Question: I'm working on a custom parser using ANTLR to define a small programming language. One of the requirements is that return statements can only appear inside the body of a function. If a return statement appears outside a function, the parser should throw an error.
Here's the simplified grammar I'm working with (in ANTLR):
grammar Grammar;
options {
language=Python3;
}
// Parser Rules
program: (var_decl | fun_decl)*;
fun_decl: type_spec ID '(' param_decl* (';' param_decl)* ')' body; // Function declarations
param_decl: type_spec ID (',' ID)* ; // Parameters for functions
type_spec: 'int' | 'float' ; // Valid types
body: '{' stmt* '}';
expr: 'expr';
stmt: assignment | call | r_return | var_decl;
var_decl: param_decl ';'; // Variable declarations
assignment: ID '=' expr ';';
call: ID '(' expr* (',' expr)* ')' ';';
r_return: 'return' expr ';';
// Lexer Rules
WS: [ \t\r\n] -> skip ; // Skip whitespace
ID: [a-zA-Z]+ ; // Identifiers (variable and function names)

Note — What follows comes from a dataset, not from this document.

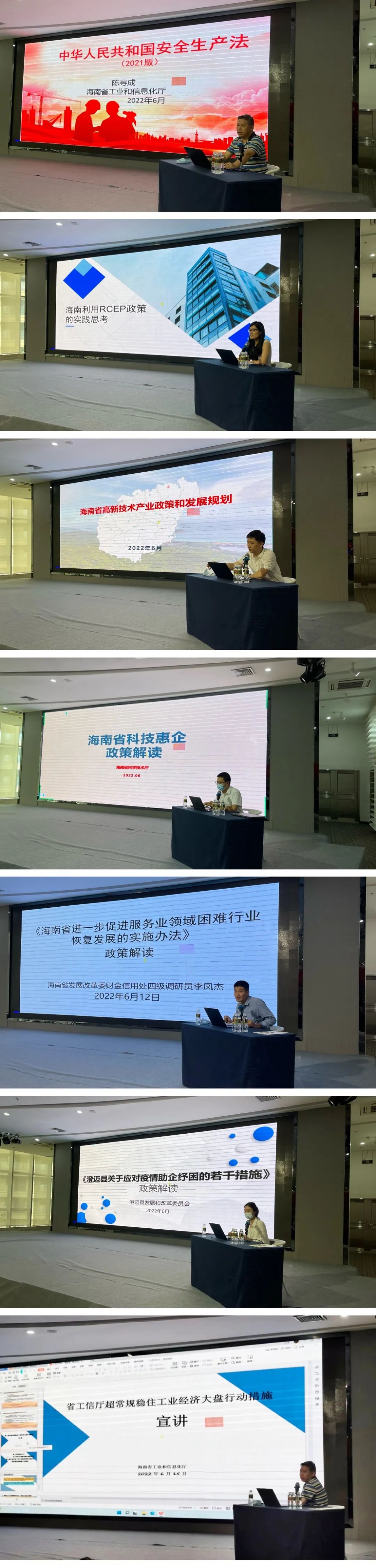 會上,海南省工業(yè)和信息化廳、海南省科學技術(shù)廳、海南省發(fā)展和改革委員會、澄邁縣發(fā)展和改革委員會等相關(guān)部門針對我省中小企業(yè)紓困扶持政策進行宣貫,重點解讀了《保障中小企業(yè)款項支付條例》《安全生產(chǎn)法》《海南工信財政措施實施細則》《海南省工信廳超常規(guī)穩(wěn)住工業(yè)經(jīng)濟大盤行動措施》《海南省高新技術(shù)產(chǎn)業(yè)政策和發(fā)展規(guī)劃》《海南利用RCEP政策的實踐思考》《海南省獲批國家級研發(fā)設計平臺資助實施細則》《海南省科技型中小企業(yè)認定管理暫行辦法》《海南省進一步促進服務業(yè)領(lǐng)域困難行業(yè)恢復發(fā)展實施辦法》《澄邁縣關(guān)于應對疫情助企紓困的若干措施》等一系列關(guān)于幫扶中小企業(yè)的政策。

ERROR_CHAR: . {raise ErrorToken(self.text)} ; // Error handling
The issue is that this grammar allows return statements (r_return) to appear anywhere a stmt is allowed, including in the global scope. For example:
int x;
return x; // This should throw an error.
But inside a function, it should work:
int myFunction() {
return 42; // Valid
}
I thought about it but I did not come up with a solution. Please help me.
Add EOF to the end of your program
parser rule...
program: (var_decl | fun_decl)* EOF;
...to cause the parser to indicate an error in your first test case.
Not directly related to your question, I suggest defining lexer rules such as...
OPEN_PAREN: '(';
CLOSE_PAREN: ')';
SEMICOLON: ';';
COMMA: ',';
OPEN_CURLY: '{';
CLOSE_CURLY: '}';
EQ: '=';
INT: 'int';
FLOAT: 'float';
RETURN: 'return';
...to use in your parser rules instead of character literals.